##### Task data #####

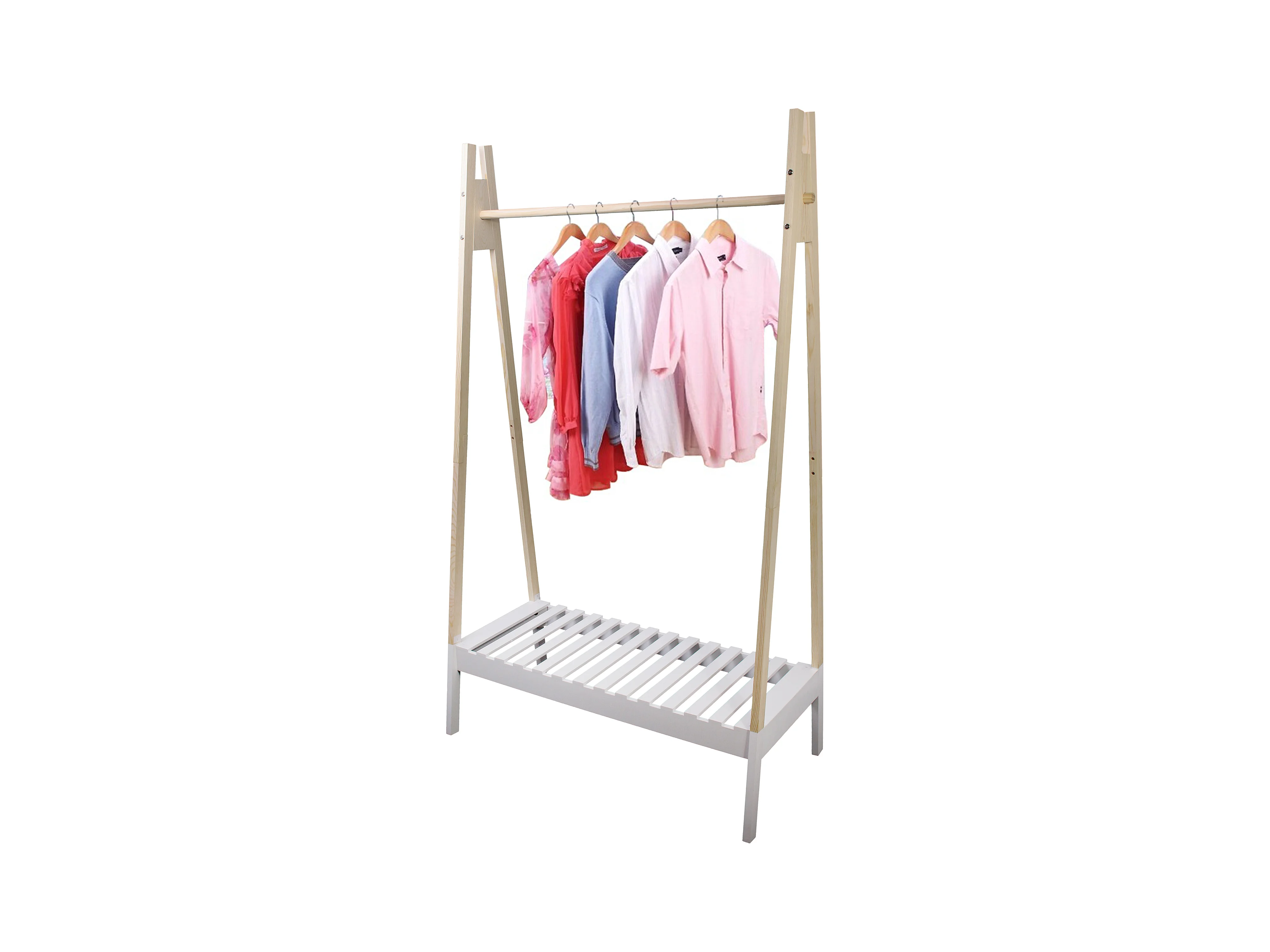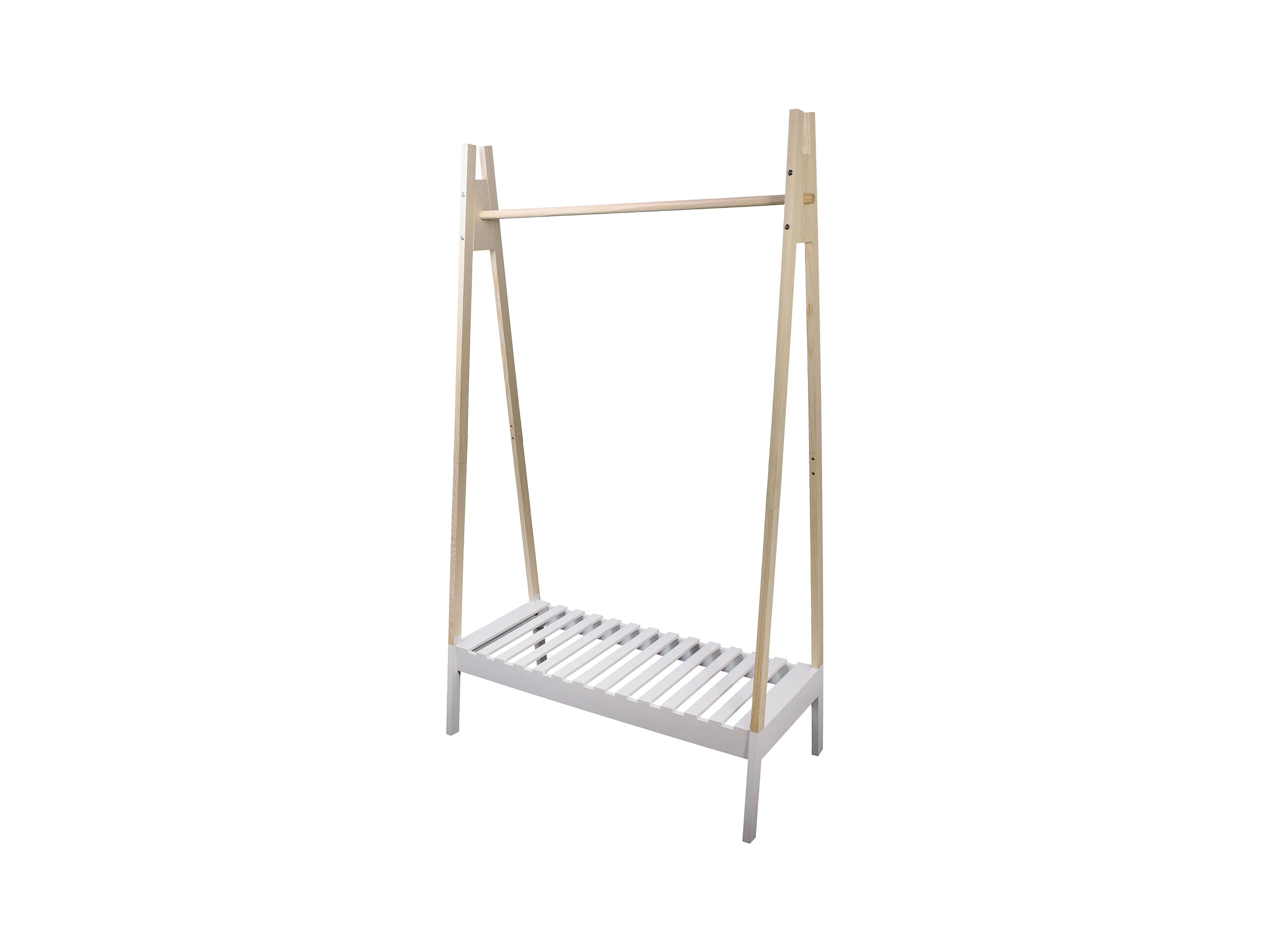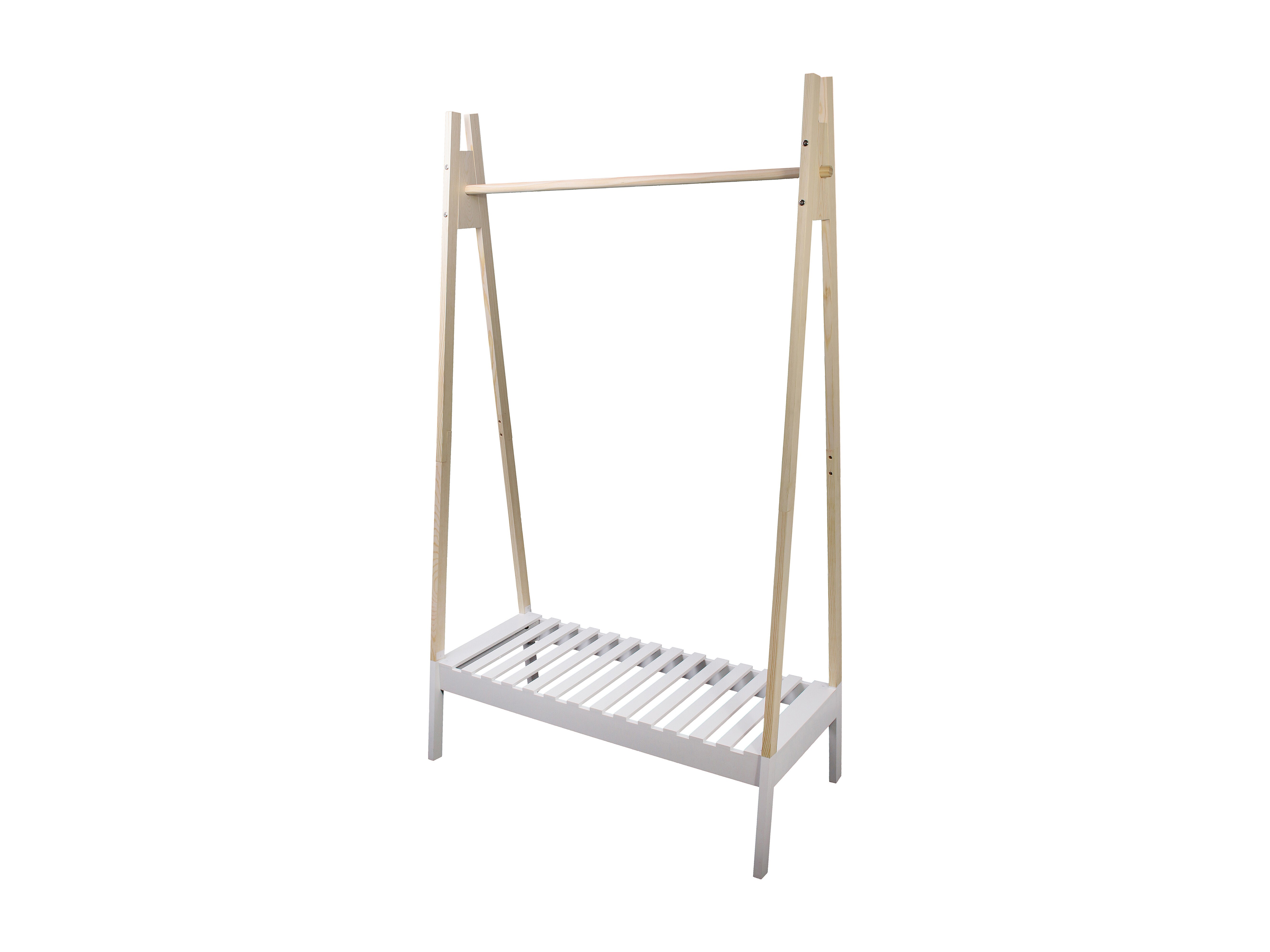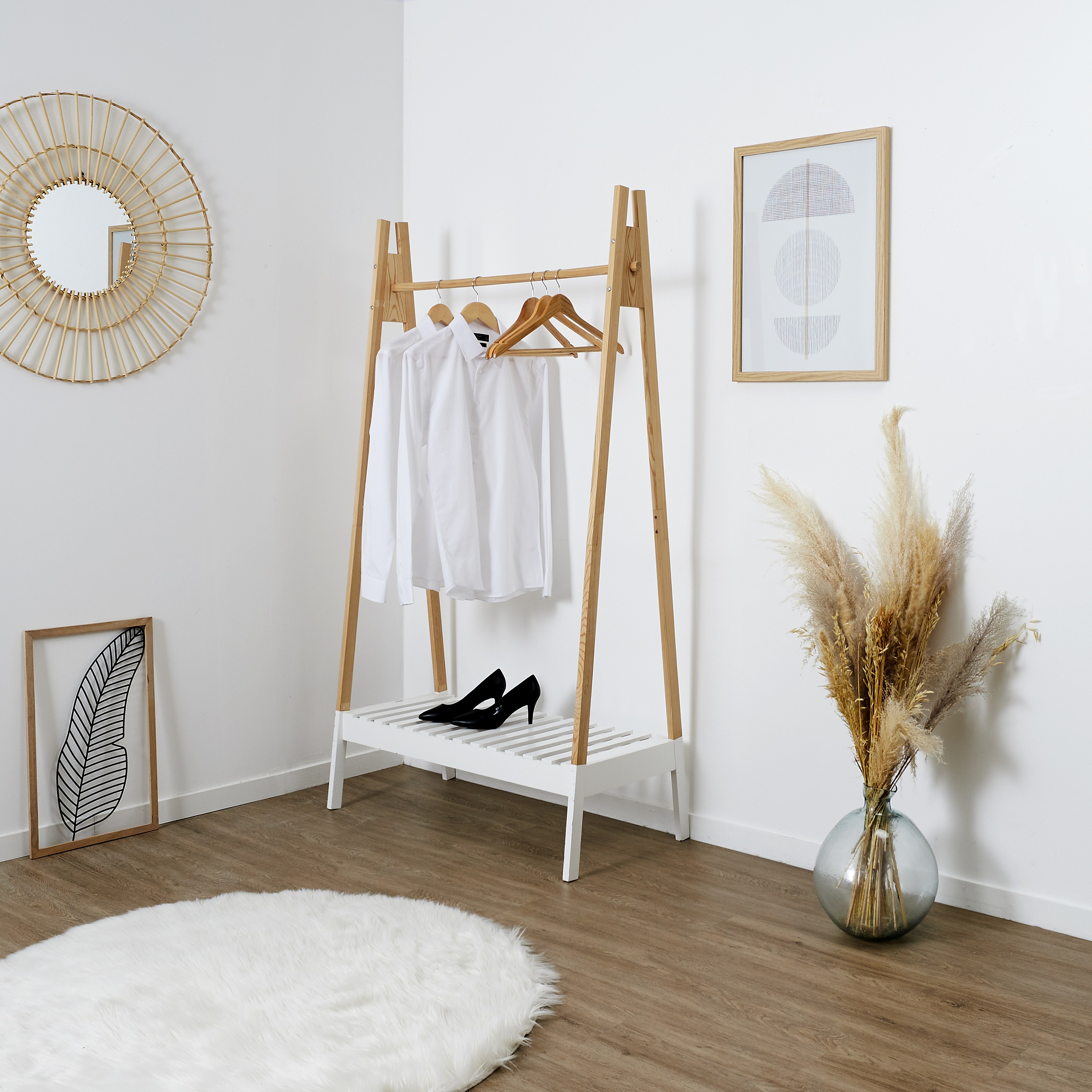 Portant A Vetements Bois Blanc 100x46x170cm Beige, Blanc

#####
##### Task data #####

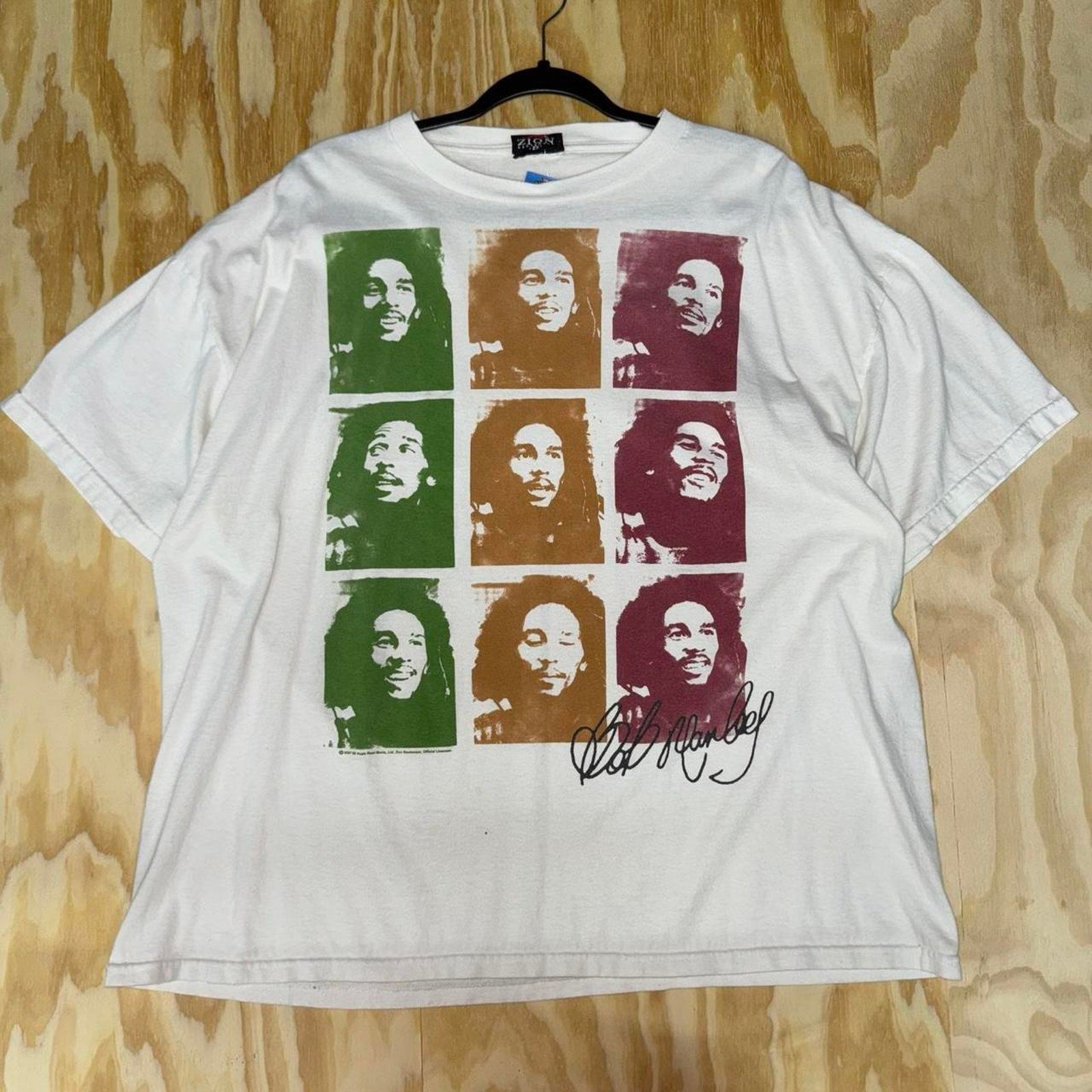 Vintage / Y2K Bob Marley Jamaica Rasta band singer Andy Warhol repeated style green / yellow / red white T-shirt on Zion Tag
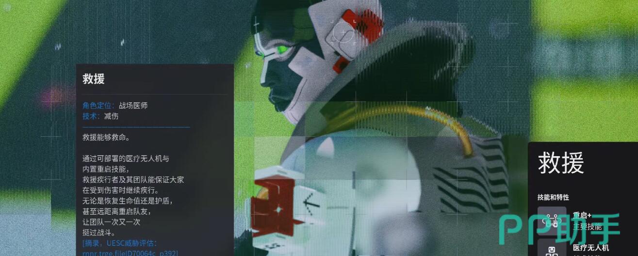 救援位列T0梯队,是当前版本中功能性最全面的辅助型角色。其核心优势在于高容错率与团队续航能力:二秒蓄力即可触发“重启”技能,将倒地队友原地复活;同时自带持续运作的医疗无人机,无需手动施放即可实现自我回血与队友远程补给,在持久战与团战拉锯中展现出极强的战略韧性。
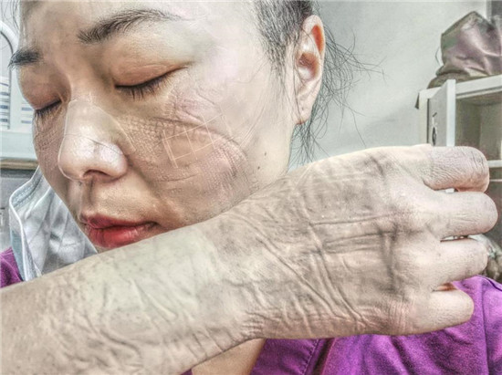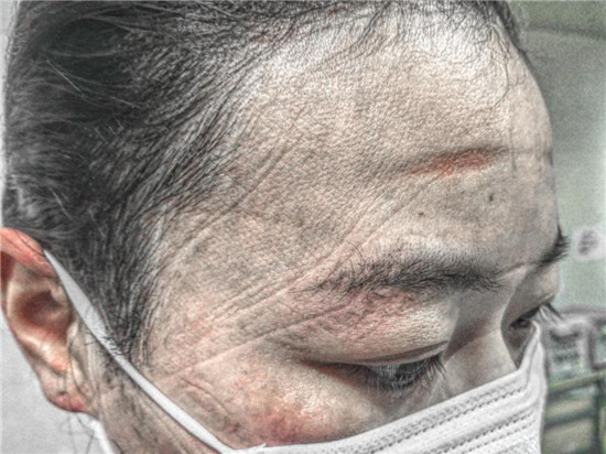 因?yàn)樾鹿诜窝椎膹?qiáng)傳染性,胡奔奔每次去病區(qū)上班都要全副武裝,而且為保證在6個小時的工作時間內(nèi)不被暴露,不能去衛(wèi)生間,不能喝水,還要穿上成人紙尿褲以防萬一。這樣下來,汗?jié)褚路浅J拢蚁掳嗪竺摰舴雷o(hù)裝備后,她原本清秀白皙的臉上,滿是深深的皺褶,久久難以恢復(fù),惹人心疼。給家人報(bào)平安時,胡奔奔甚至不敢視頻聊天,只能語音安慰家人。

#####
##### Task data #####

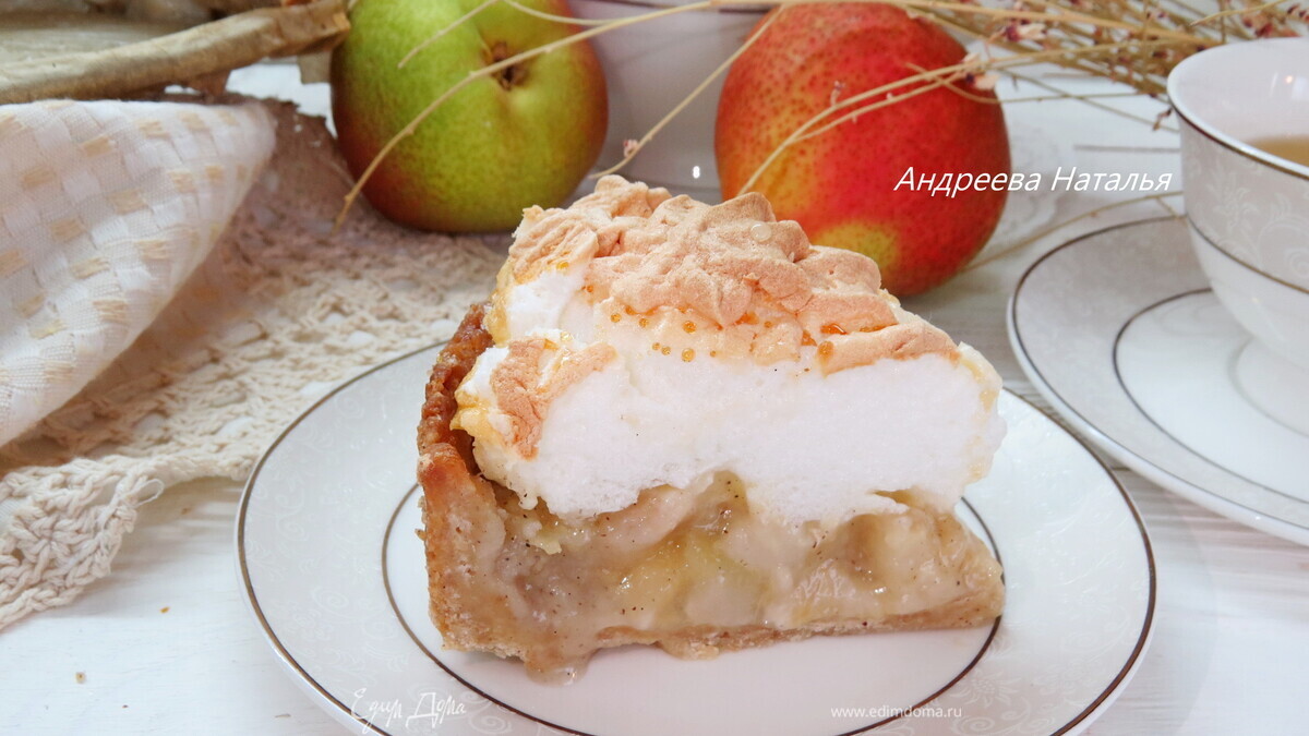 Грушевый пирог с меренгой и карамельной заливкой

#####

Work item. Above, find the line with "救援位列T0梯队,是当前版本"; copy it and every line down to the line with "因?yàn)樾鹿诜窝椎膹?q", exactly and both included, but no pictures.

Exercise solution.
 救援位列T0梯队,是当前版本中功能性最全面的辅助型角色。其核心优势在于高容错率与团队续航能力:二秒蓄力即可触发“重启”技能,将倒地队友原地复活;同时自带持续运作的医疗无人机,无需手动施放即可实现自我回血与队友远程补给,在持久战与团战拉锯中展现出极强的战略韧性。
 因?yàn)樾鹿诜窝椎膹?qiáng)傳染性,胡奔奔每次去病區(qū)上班都要全副武裝,而且為保證在6個小時的工作時間內(nèi)不被暴露,不能去衛(wèi)生間,不能喝水,還要穿上成人紙尿褲以防萬一。這樣下來,汗?jié)褚路浅J拢蚁掳嗪竺摰舴雷o(hù)裝備后,她原本清秀白皙的臉上,滿是深深的皺褶,久久難以恢復(fù),惹人心疼。給家人報(bào)平安時,胡奔奔甚至不敢視頻聊天,只能語音安慰家人。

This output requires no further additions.